TASK STATEMENT: Leave every picture out. Set down all the lines below exactly.

SOURCE MATERIAL:

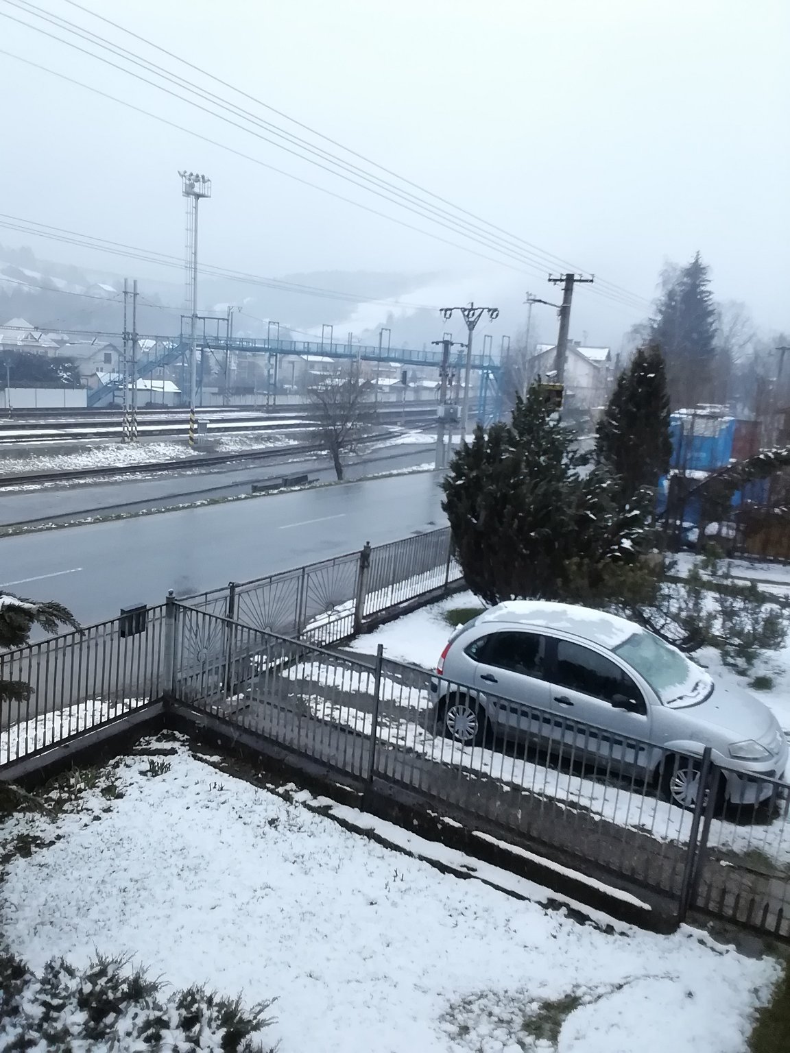 Zataženo, sníh, vlhkost 63%, bezvětří. Příval obřích vloček.
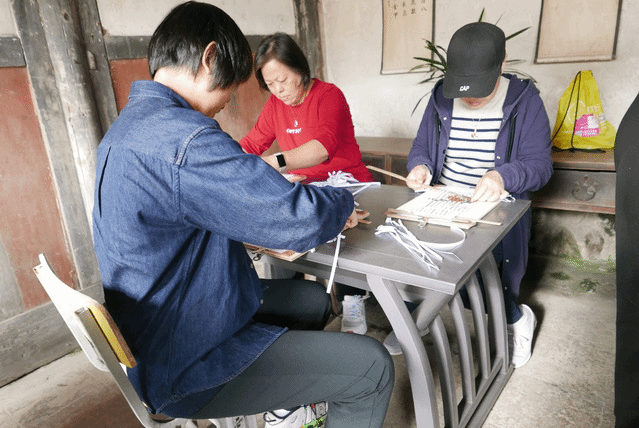随后,我们来到了位于永春县吾峰镇侯龙村的侯龙书院,这是永春县仅存的仍保护完好的古代书院。2002年1月,侯龙书院被列为县第四批文物保护单位。2016年,侯龙书院荣获“第一批福建省水文化遗产”称号。2018年10月,它被列为福建省第九批文物保护单位。书院由竹园斋和桂轩两书斋构成,已有300年的历史。通过导游的介绍,我们了解了园林式书院的历史和独特的文化价值,并了解了侯龙陈氏的族谱。在书院中,大家积极投入对于永春非遗纸织画的制作当中,在师傅的指导下,大家埋下头认真地制作,在手工实践中感受中国传统文化的魅力,看着自制的纸织画完成后装裱入框,大家满心欢喜,收获满满。
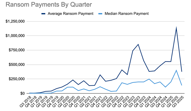 The Average Ransom Payment — $376,941 (down 66% from Q2 2025) — and the Median Payment — $140,000 (down 65%) — both declined substantially in Q3 2025. This reflects the intersecting dynamics of two trends:
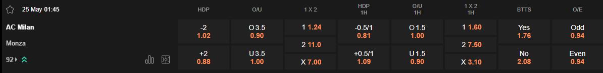 Bên kia chiến tuyến, Monza đã trải qua một trong những mùa giải tồi tệ nhất trong lịch sử Serie A. Họ mới chỉ thắng 3/37 trận, đứng chót với chỉ 18 điểm, và đã để thua tới 25 trận. Tính riêng trên sân khách, Monza đã thua 11/12 trận gần nhất và thủng lưới với tỷ lệ trung bình gần 2 bàn/trận. Với đẳng cấp vượt trội và lợi thế sân nhà, Milan hoàn toàn có thể thắng cách biệt và vượt qua kèo châu Á một cách dễ dàng.

SOLUTION BELOW:
 Zataženo, sníh, vlhkost 63%, bezvětří. Příval obřích vloček.
随后,我们来到了位于永春县吾峰镇侯龙村的侯龙书院,这是永春县仅存的仍保护完好的古代书院。2002年1月,侯龙书院被列为县第四批文物保护单位。2016年,侯龙书院荣获“第一批福建省水文化遗产”称号。2018年10月,它被列为福建省第九批文物保护单位。书院由竹园斋和桂轩两书斋构成,已有300年的历史。通过导游的介绍,我们了解了园林式书院的历史和独特的文化价值,并了解了侯龙陈氏的族谱。在书院中,大家积极投入对于永春非遗纸织画的制作当中,在师傅的指导下,大家埋下头认真地制作,在手工实践中感受中国传统文化的魅力,看着自制的纸织画完成后装裱入框,大家满心欢喜,收获满满。
 The Average Ransom Payment — $376,941 (down 66% from Q2 2025) — and the Median Payment — $140,000 (down 65%) — both declined substantially in Q3 2025. This reflects the intersecting dynamics of two trends:
 Bên kia chiến tuyến, Monza đã trải qua một trong những mùa giải tồi tệ nhất trong lịch sử Serie A. Họ mới chỉ thắng 3/37 trận, đứng chót với chỉ 18 điểm, và đã để thua tới 25 trận. Tính riêng trên sân khách, Monza đã thua 11/12 trận gần nhất và thủng lưới với tỷ lệ trung bình gần 2 bàn/trận. Với đẳng cấp vượt trội và lợi thế sân nhà, Milan hoàn toàn có thể thắng cách biệt và vượt qua kèo châu Á một cách dễ dàng.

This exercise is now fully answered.